On the other hand, text encoding IDEs have evolved a lot into rich graphical user interfaces. Microsoft has called its computer languages ”visual languages” like this: Visual Basic, Visual C#, etc. Visual language researchers say that these are not visual languages because they are text encoding languages.
An alternative to “visual” vs. “text” is “programming without code”. It does not use text encoding but it is not strictly a visual language. Try to visualize the text encoding. It is generally based on object programming and tries to visualize various aspects of creating and linking objects. There are several systems that go in this direction.
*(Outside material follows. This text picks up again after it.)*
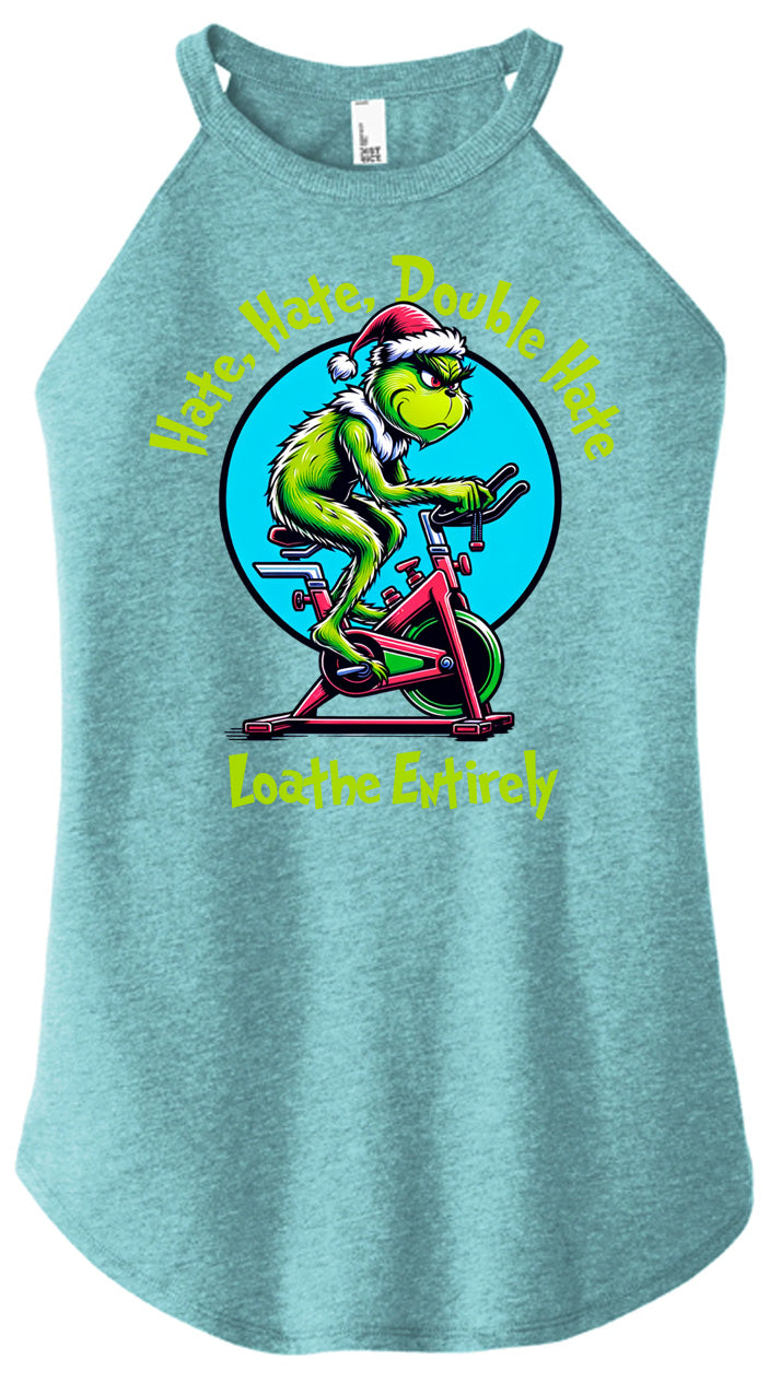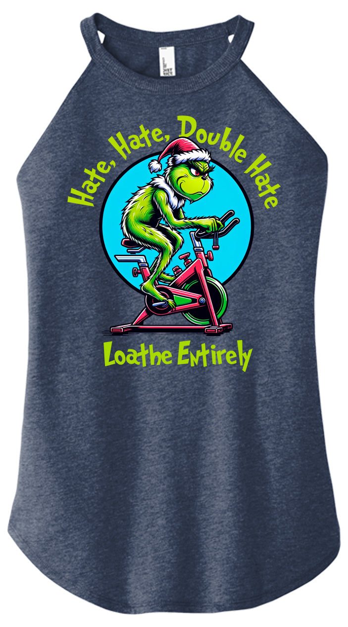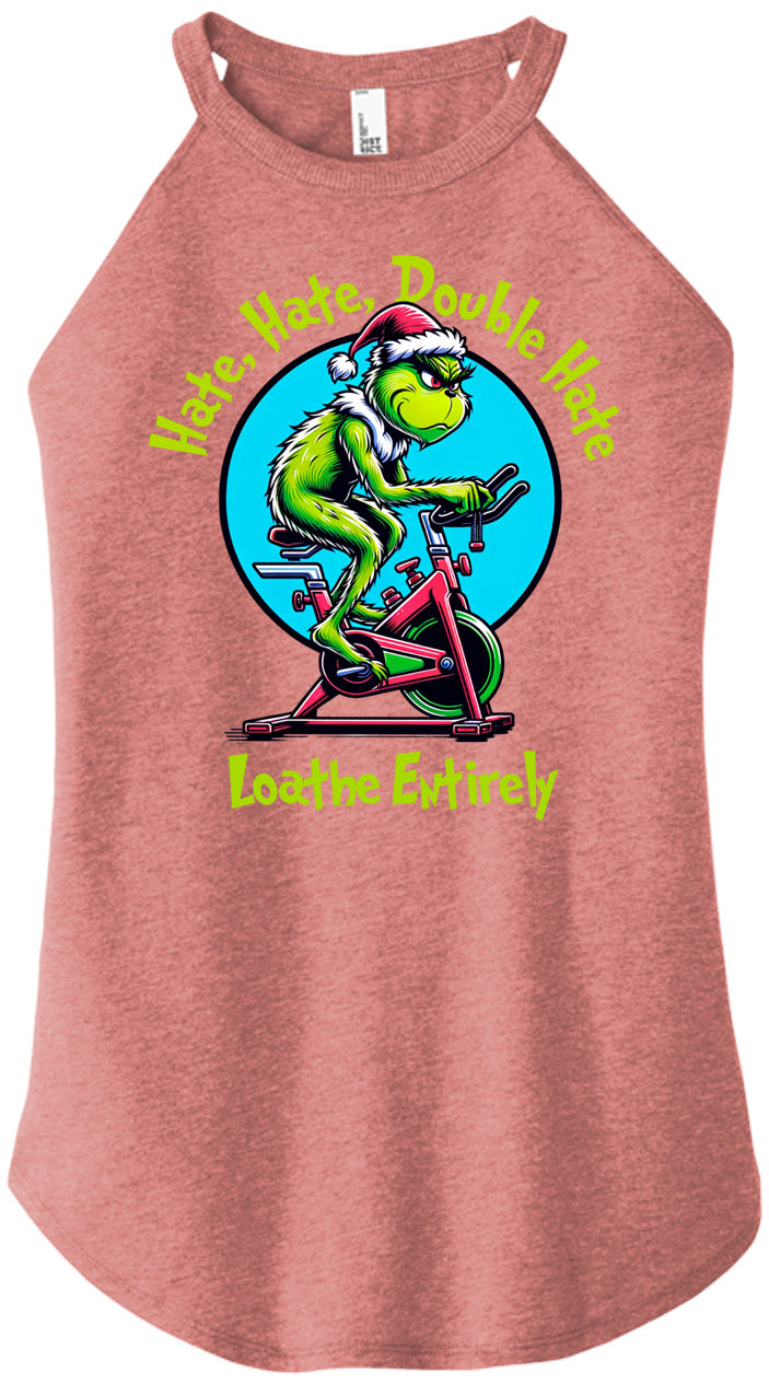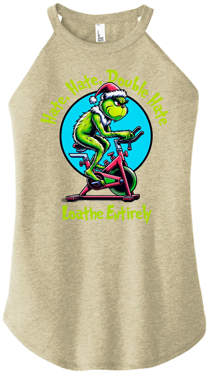 For everyone who despises cardio — this one’s for you. Our Hate Hate Double Hate Loathe Entirely tee features the Grinch himself mid–air bike meltdown, perfectly capturing the spirit of every lifter forced into endurance training. Designed in a vintage mid-century cartoon style, this holiday fitness shirt brings humor, rebellion, and relatable gym energy to your Christmas season.

Some of them still use some text encoding.
Some of the “no code programming” is domain specific and is quite successful due to its powerful domain specific software libraries and due to its domain specific visualization, eg LabView for electronic device design. For generic purpose programming, most “no code” systems still lack rich software libraries.
A promising “no code” approach is to visualize component programming. Visualize existing computer languages in the industry by visualizing event handling and visualizing object development. For stand-alone Windows applications, it visualizes .Net Framework object creation and event handling. The entire .Net Framework libraries, from Microsoft or any software developer, individuals and companies, are native building blocks of this programming approach. The programming results of this programming approach are also native .Net Framework objects and can be used directly by other .Net Framework-compliant computer languages.
This approach is feasible because most modern computer languages are component-based. Programming entities are components. A component is defined by properties, methods, and events. The role of a text language is much less important than procedural programming without components. In component-based programming, a text language acts like glue to hold components together to form new software, or like nails and rivets to hold building blocks together.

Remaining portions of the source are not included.